The above code outputs:
len | prev cap | new cap | ratio added cap
2 | 1 | 2 | 2.00x
3 | 2 | 4 | 2.00x
5 | 4 | 8 | 2.00x
9 | 8 | 16 | 2.00x
17 | 16 | 32 | 2.00x
33 | 32 | 64 | 2.00x
65 | 64 | 128 | 2.00x
129 | 128 | 256 | 2.00x
257 | 256 | 512 | 2.00x
513 | 512 | 1024 | 2.00x
1025 | 1024 | 1280 | 1.25x
1281 | 1280 | 1696 | 1.32x
1697 | 1696 | 2304 | 1.36x
2305 | 2304 | 3072 | 1.33x
3073 | 3072 | 4096 | 1.33x
4097 | 4096 | 5120 | 1.25x
5121 | 5120 | 7168 | 1.40x
7169 | 7168 | 9216 | 1.29x
9217 | 9216 | 12288 | 1.33x
12289 | 12288 | 15360 | 1.25x
15361 | 15360 | 19456 | 1.27x
19457 | 19456 | 24576 | 1.26x
24577 | 24576 | 30720 | 1.25x
30721 | 30720 | 38912 | 1.27x
38913 | 38912 | 49152 | 1.26x
49153 | 49152 | 61440 | 1.25x
61441 | 61440 | 76800 | 1.25x
76801 | 76800 | 96256 | 1.25x
96257 | 96256 | 120832 | 1.26x
Interesting it looks like append is smart and doesn’t only grow the slice to the currently needed capacity, but doubles the capacity for smaller capacities (under 1024) and grows it by ~1.25x for larger capacities (over 1024), to reduce the overhead of reallocating arrays.

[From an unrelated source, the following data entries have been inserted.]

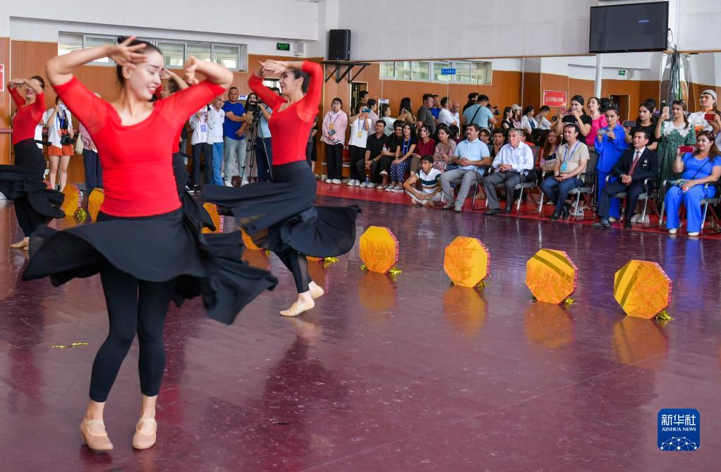 當日,在烏魯木齊參加第六屆中國新疆國際民族舞蹈節的塔吉克斯坦羅拉國家功勛歌舞團走進新疆藝術劇院,雙方演員在音樂、舞蹈等方面進行交流,展示絢麗多姿的風采。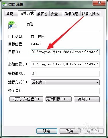 在打开的微信属性窗口中,我们可以看到“目标”一项,把文本框中的内容全部复制下来。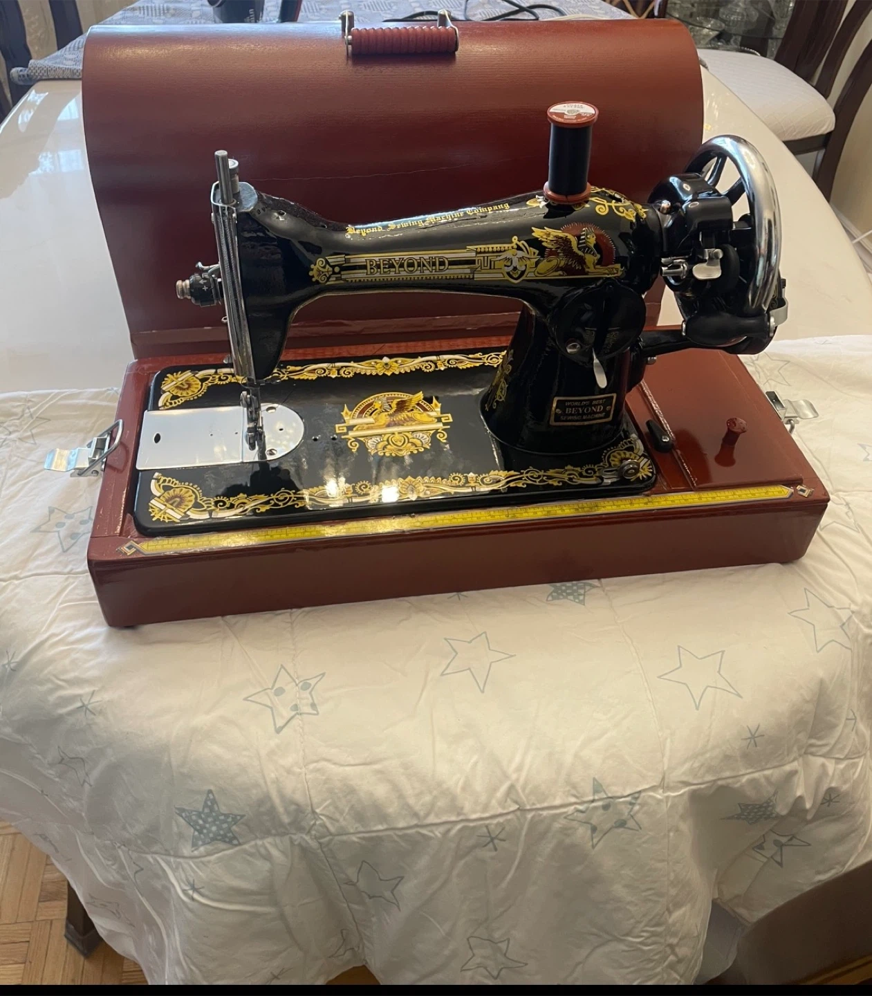 Selling a vintage Beyond sewing machine. It comes with its original carrying case, which is in great condition! The sewing machine has a beautiful design and would be a great addition to any collection or for practical use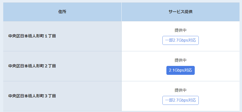 場所を「東京都中央区日本橋人形町」にしてみると、1丁目と3丁目は「一部2.7Gbps対応」、2丁目は「2.1Gbps対応」と記載があります。2丁目だけは全域で2.1Gbpsに対応していると読み取れます。

In the runtime this is implemented as follows (full implementation):
func growslice(et *_type, old slice, cap int) slice {
...
newcap := old.cap
doublecap := newcap + newcap
if cap > doublecap {
newcap = cap
} else {
if old.len < 1024 {
newcap = doublecap
} else {
// Check 0 < newcap to detect overflow
// and prevent an infinite loop.
for 0 < newcap && newcap < cap {
newcap += newcap / 4
}
// Set newcap to the requested cap when
// the newcap calculation overflowed.
if newcap <= 0 {
newcap = cap
}
}
}
...
}
Performance
I benchmarked what the performance impact of preallocating a slice with make
vs auto growing via append
is, the benchmark populates a slice with N integers them via a for loop.

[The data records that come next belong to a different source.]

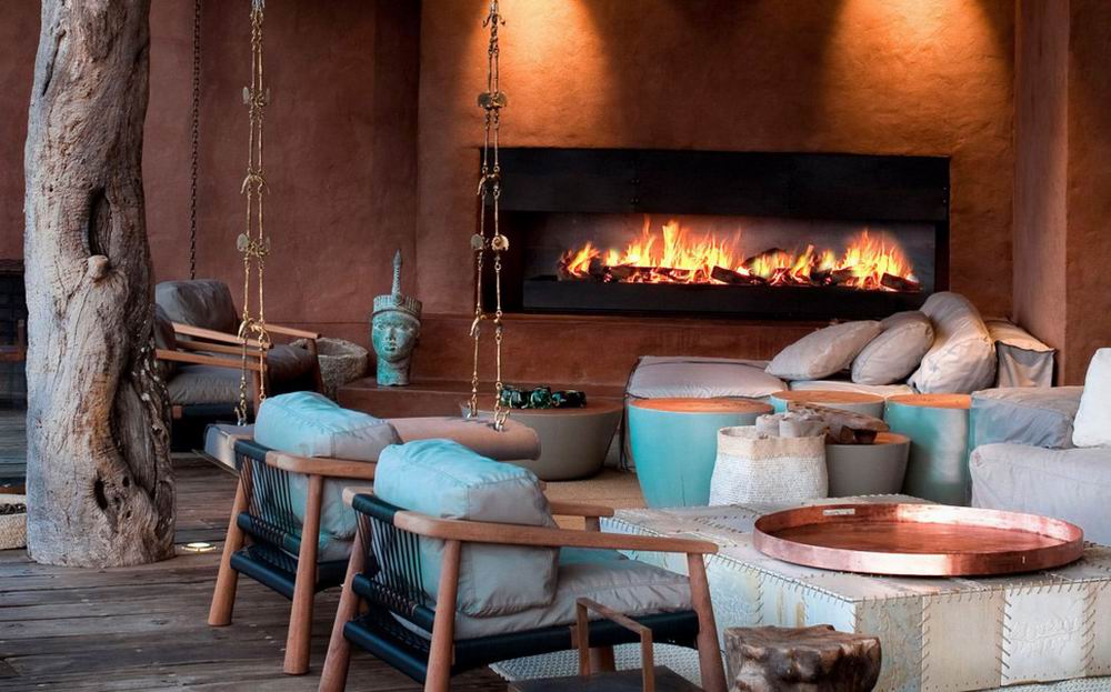 La combinación de colores del estilo africano consiste exclusivamente en tonos naturales. Los residentes locales nunca han tratado de traer nuevos colores a la paleta interior.Solo la ropa puede ser multicolor en África, la mayoría de los cuales son importados de países desarrollados. La combinación de colores de los interiores muestra los cuatro elementos: agua, tierra, aire y fuego. La base base se recoge de tonos marrones: terracota, ocre, chocolate, ladrillo, arena, nuez, sepia, café con leche, marrón. Se complementa con negro, rojo, a veces gris y superficies pintadas de azul o verde utilizando la técnica de "mezcla de colores", es decir, con manchas características. Los dos últimos colores se usan como acentos brillantes. Dado que el paisaje africano consiste predominantemente en tierra desnuda y agrietada con árboles que se extienden raramente, las coronas verdes o manantiales azules con agua son raros.
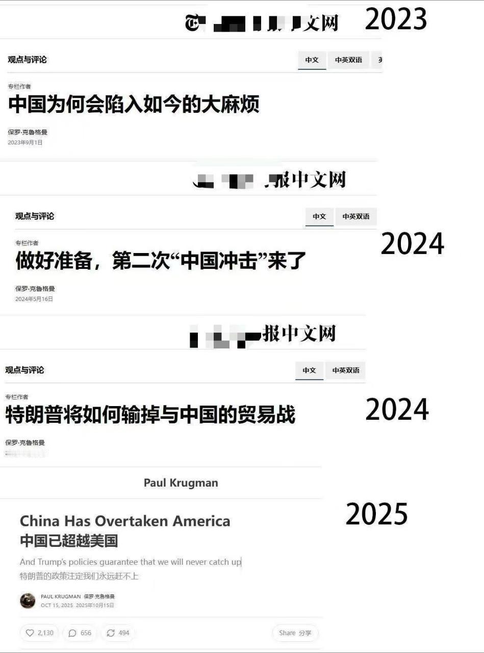 2013:中国模式遇到大麻烦了2015:五年内中国经济遇上大麻烦2016:中国困境会引发全球危机吗?2023:中国为何会陷入如今的大麻烦2024:做好准备,第二次中国冲击来了2024:特朗普将如何输掉与中国的贸易战2025:中国已超越美国——诺贝尔经济学奖得主、战忽局国际友人 克鲁格曼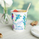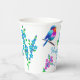 Birthday party paper cups with a cute little birdie and forget-me-not flowers designed paper cup for your friend's birthday who is a bird or garden lover. Forget me not flowers and colourful birds surround the happy birthday text that you can customise. The charming little forget-me-not flower is loved all over the world. Its tiny, bright blue and pink flowers give a special meaning to these paper cups. The little bird was hand painted with bright blue and pink colours to complement the forget-me-not florals. Shop our store for more gifts and party decorations with this special design.

func plainAppend(elms int) {
var foo []int
for i := 0; i < elms; i++ {
foo = append(foo, i)
}
}
func withMake(elms int) {
foo := make([]int, 0, elms)
for i := 0; i < elms; i++ {
foo = append(foo, i)
}
}
Full Benchmark: https://gist.github.com/lu4p/4906f5d1b88f23a1f740bb8895f25e40
$ go test -bench=. -count=10 -benchtime=100x > bench.out
# https://godoc.org/golang.org/x/perf/cmd/benchstat
$ benchstat bench.out
name time/op
10/append-8 729ns ±62%
10/with_make-8 119ns ±84%
100/append-8 1.46µs ±84%
100/with_make-8 454ns ±99%
1k/append-8 5.28µs ±33%
1k/with_make-8 2.61µs ±54%
10k/append-8 111µs ±23%
10k/with_make-8 31.4µs ±11%
100k/append-8 1.16ms ± 8%
100k/with_make-8 248µs ±11%
1Million/append-8 8.57ms ± 3%
1Million/with_make-8 2.83ms ± 1%
So in a simple use case preallocating the slice with make
seems to be about 2-4 times faster.
Although this is significant, in real-world scenarios it often doesn’t really matter because appending is fast enough regardless.

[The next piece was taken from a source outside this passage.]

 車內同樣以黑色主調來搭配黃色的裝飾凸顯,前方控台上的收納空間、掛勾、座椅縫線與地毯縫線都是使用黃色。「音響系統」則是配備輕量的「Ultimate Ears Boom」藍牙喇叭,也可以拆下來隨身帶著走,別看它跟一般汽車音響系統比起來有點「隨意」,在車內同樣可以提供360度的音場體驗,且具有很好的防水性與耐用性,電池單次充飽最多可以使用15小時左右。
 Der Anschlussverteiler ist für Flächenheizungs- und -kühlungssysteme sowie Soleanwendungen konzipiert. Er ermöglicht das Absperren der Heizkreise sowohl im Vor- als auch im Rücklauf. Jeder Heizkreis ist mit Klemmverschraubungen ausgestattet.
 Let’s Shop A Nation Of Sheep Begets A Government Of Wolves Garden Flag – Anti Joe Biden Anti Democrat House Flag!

If you don’t know the number of elements a to which a slice will grow, it often makes little sense to allocate memory with make beforehand. Of course there are exceptions from this, sometimes you know at least the order of magnitude to which a slice will grow, then it can make sense to allocate a slice with a cap similar to the ballpark of expected elements.
Thanks to Hu1buerger, for helping with the investigation.